The Foreign Investment Law (FIL) stands to redefine the terms and technical requirements for foreign enterprises investing in China. It serves as the policymakers’ vision for further market opening and streamlined bureaucratic procedures, clarifying standards for foreign investment while maintaining unified government control. This legislation aims to level the playing field for domestic and foreign firms. A range of concerns remain – leaving foreign firms apprehensive that state aims could be prioritized over safeguarded market access.
China’s Ministry of Justice published draft implementation guidelines for the Foreign Investment Law last Friday, November 1. The document offered further details on technology transfer requirements, investment approval processes and inspection procedures. The Law will come into effect on January 1, 2020.
This draft clarifies some elements of implementation, including:

  • Forced technology transfer: the guidelines suggest that forced tech transfer will be banned when foreign businesses enter the Chinese market as well as during regular supervision processes. The last draft banned forced tech transfers via “administrative tools.” This draft, in contrast, includes not only administrative tools, but also includes other elements of regulation and market access.
  • Redefining foreign investment: the FIL cuts down on jargon differentiating foreign investment. The Chinese legal system traditionally grouped foreign investors into different categories based on their ownership structure, including wholly foreign-owned enterprises (WFOEs), Sino-foreign contractual joint ventures (CJVs) and Sino-foreign equity joint ventures (EJVs). The FIL replaces the WFOE, CJV, and EJC regulations with unified laws for direct and indirect foreign investment. However, it remains unclear how a more unified definition of foreign investment would be implemented in practice. For example, how companies established overseas but owned by Chinese nationals will be regulated remains unclear.

Despite these improvements, the business community has noted some ambiguous areas. Some key points of note include:

  • It remains unclear on what grounds a firm would be subject to the “safety review system”. This system would allow Chinese regulators to review technology and IP umbrellaing the name of protecting national security.
  • Detailed reporting structures: the implementation guidelines do not fully clarify reporting standards, an issue left unresolved during the consultation period. It does not clarify the timeline, categories or scope of mandatory reporting.

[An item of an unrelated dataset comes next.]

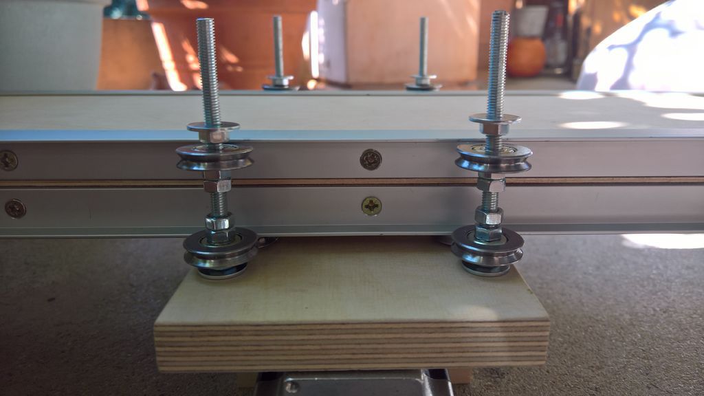 Meg leszek kövezve, de ha csak fa meg plexi akkor akár az alu "T" idom is jo a sineknek! nutos csapágy kerekeknek!
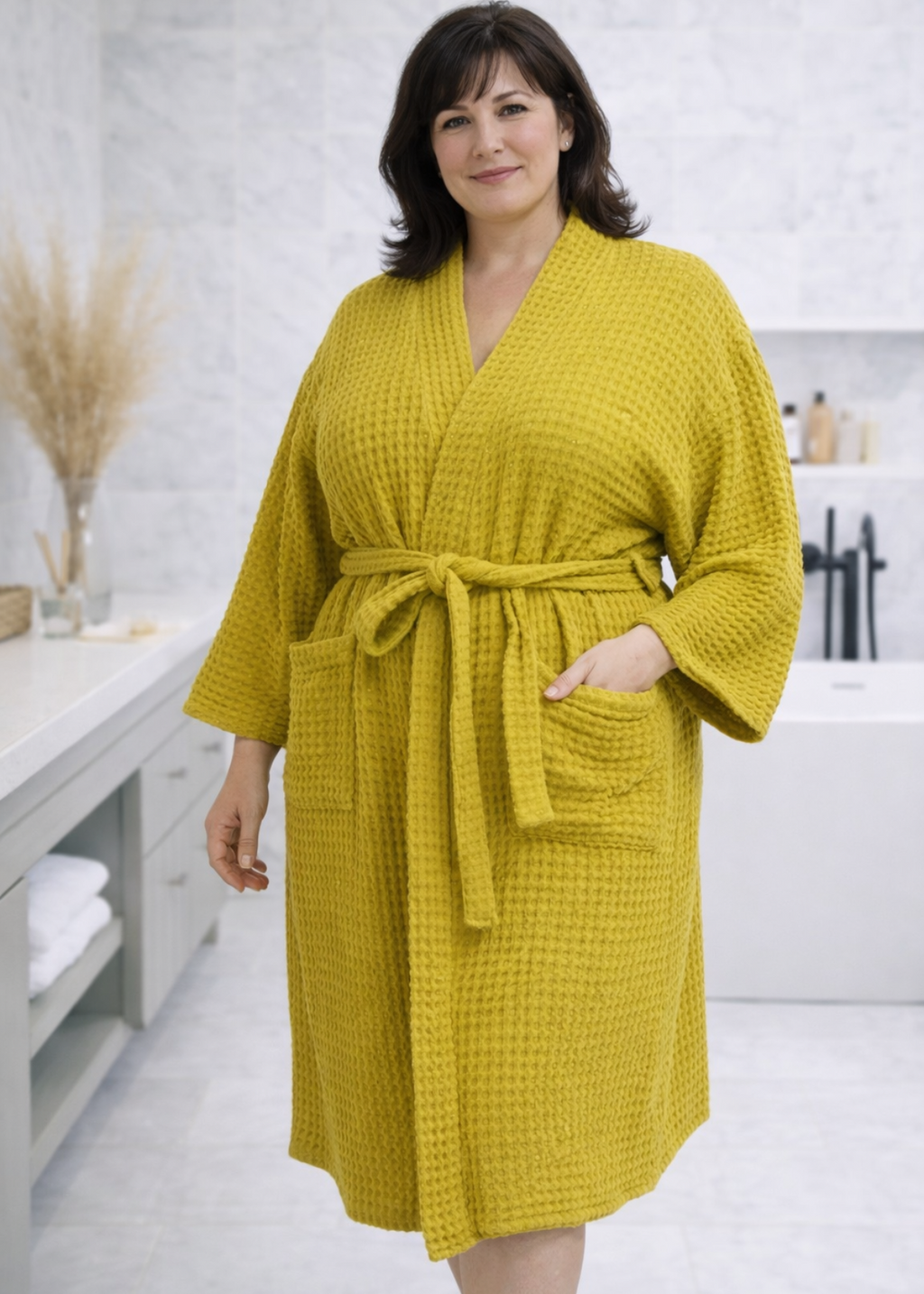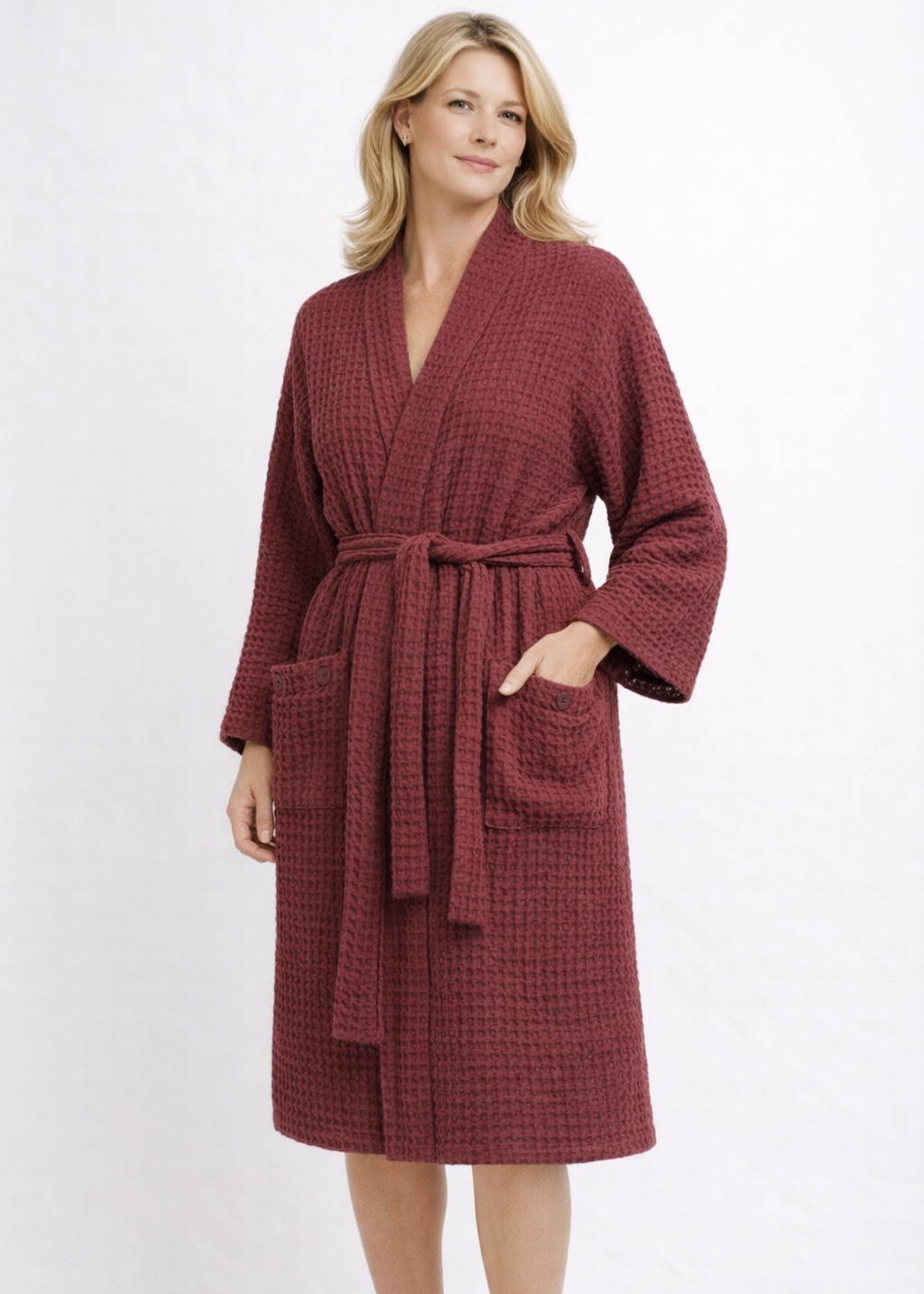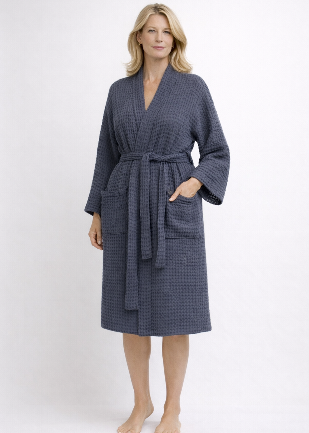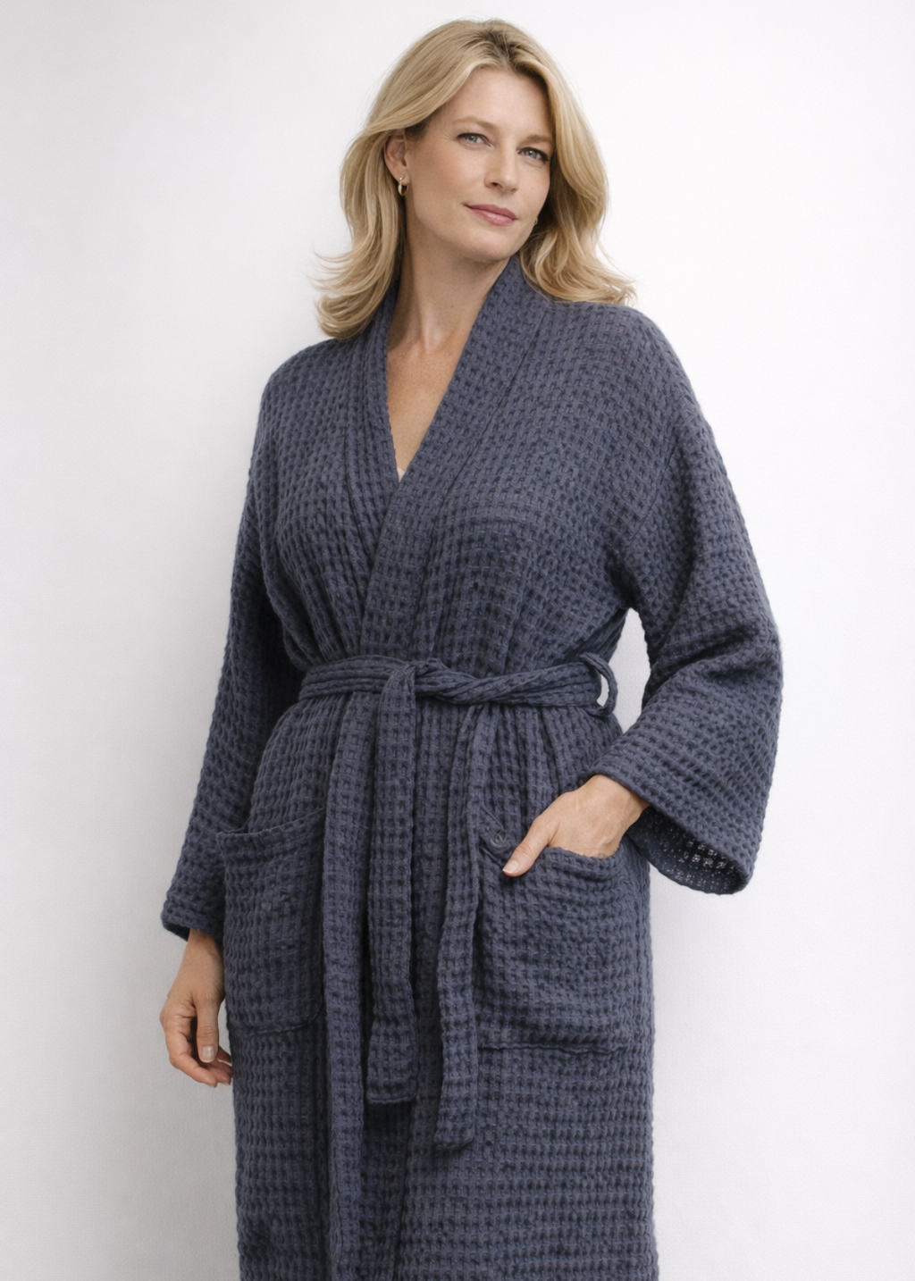 Vafeļu dizaina, vienkrāsains lina peldmētelis ir izgatavots no augstas kvalitātes, ļoti mīksta un ādai patīkama lina/kokvilnas auduma.

  • Treatment of foreign and domestic firms: while the law promises equal treatment for foreign and domestic firms, concerns remain that unclear standards for implementation across government levels and departments will leave foreign firms vulnerable to unfair terms,especially as it relates to government tenders and access to communication channels with regulators.

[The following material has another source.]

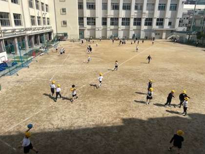 休み時間の運動場。今日は、ぽかぽか天気です。
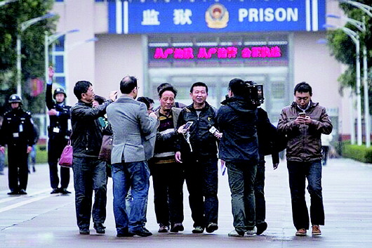 2016年2月1日,被法院宣判无罪后,已服刑23年的陈满走出海口美兰监狱大门。 (资料片)

  • In addition to the safety review system, regulators have unrestricted access to foreign IP and can force tech transfers in the name of trade secrets, and ‘social public interest’.

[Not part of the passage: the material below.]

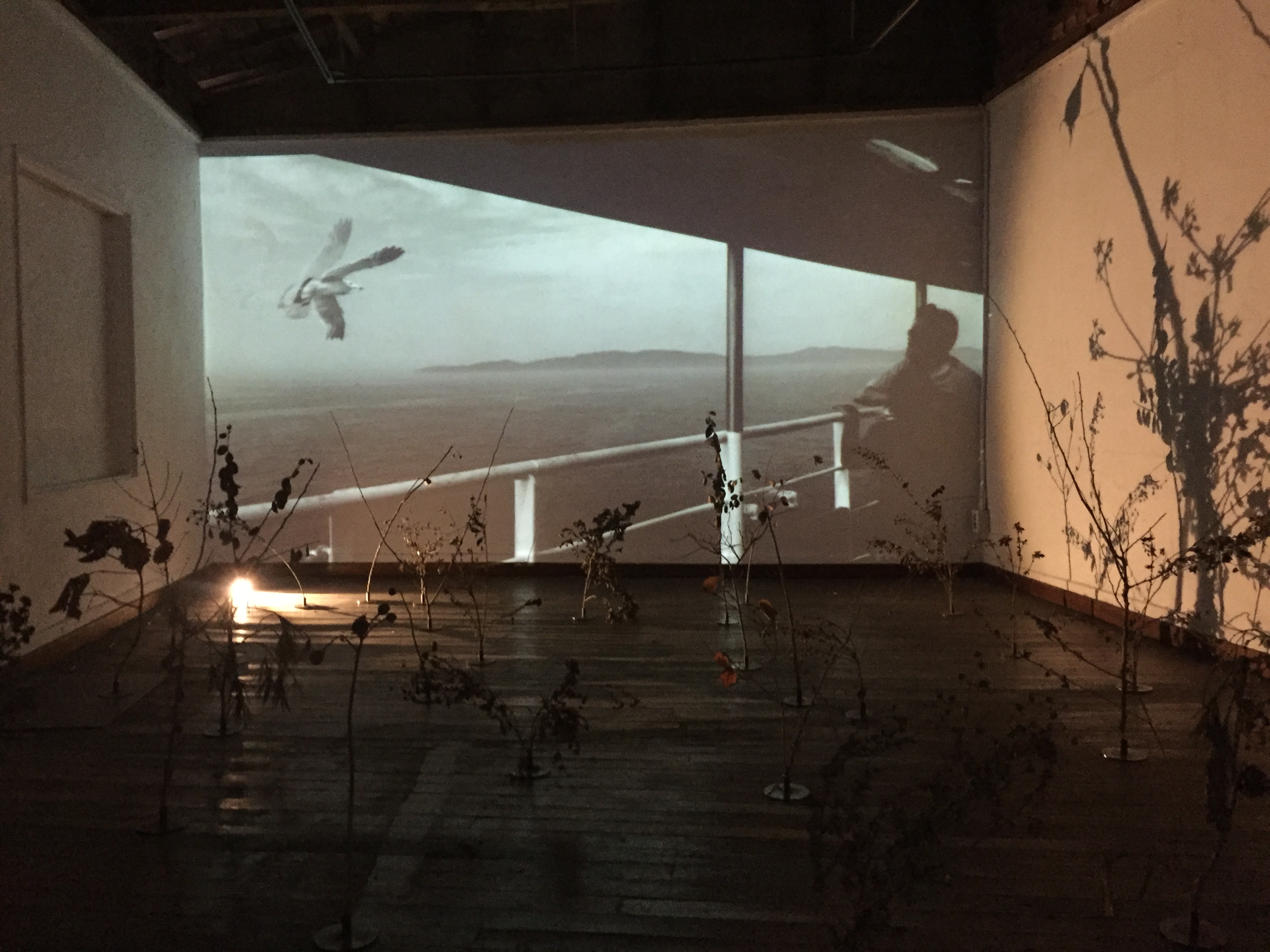 이번에 전시된 또 다른 작업 <흩어지는 경로>는 영상과 설치를 결합하였다. 섬을 오가는 배에서의 바다 풍경, 갈매기가 나는 풍경, 파도에 쓸려온 잔해들이 있는 해안가 등 섬의 풍경으로 보이는 여러 개의 영상들이 재생되면서 파도 소리가 흘러나온다. 그리고 이 영상 앞으로는 마른 꽃들이 설치되어 있다. 마른 꽃에 갯벌의 진흙을 입혀 굳혀 설치하였는데 이것이 드리운 그림자는 이 공간에 쓸쓸함과 황량한 느낌을 준다.

As the implementation date of the Foreign Investment Law approaches, details on the grounds for trade secret disclosures and the administrative powers of relevant government ministries are expected. Given the comprehensive consultation process with foreign firms and industry chambers, the Ministry of Justice may well make adjustments to mitigate international companies’ concerns. The FIL’s primary challenge will be uniform and consistent enforcement, particularly given changing political priorities and geopolitical sentiment.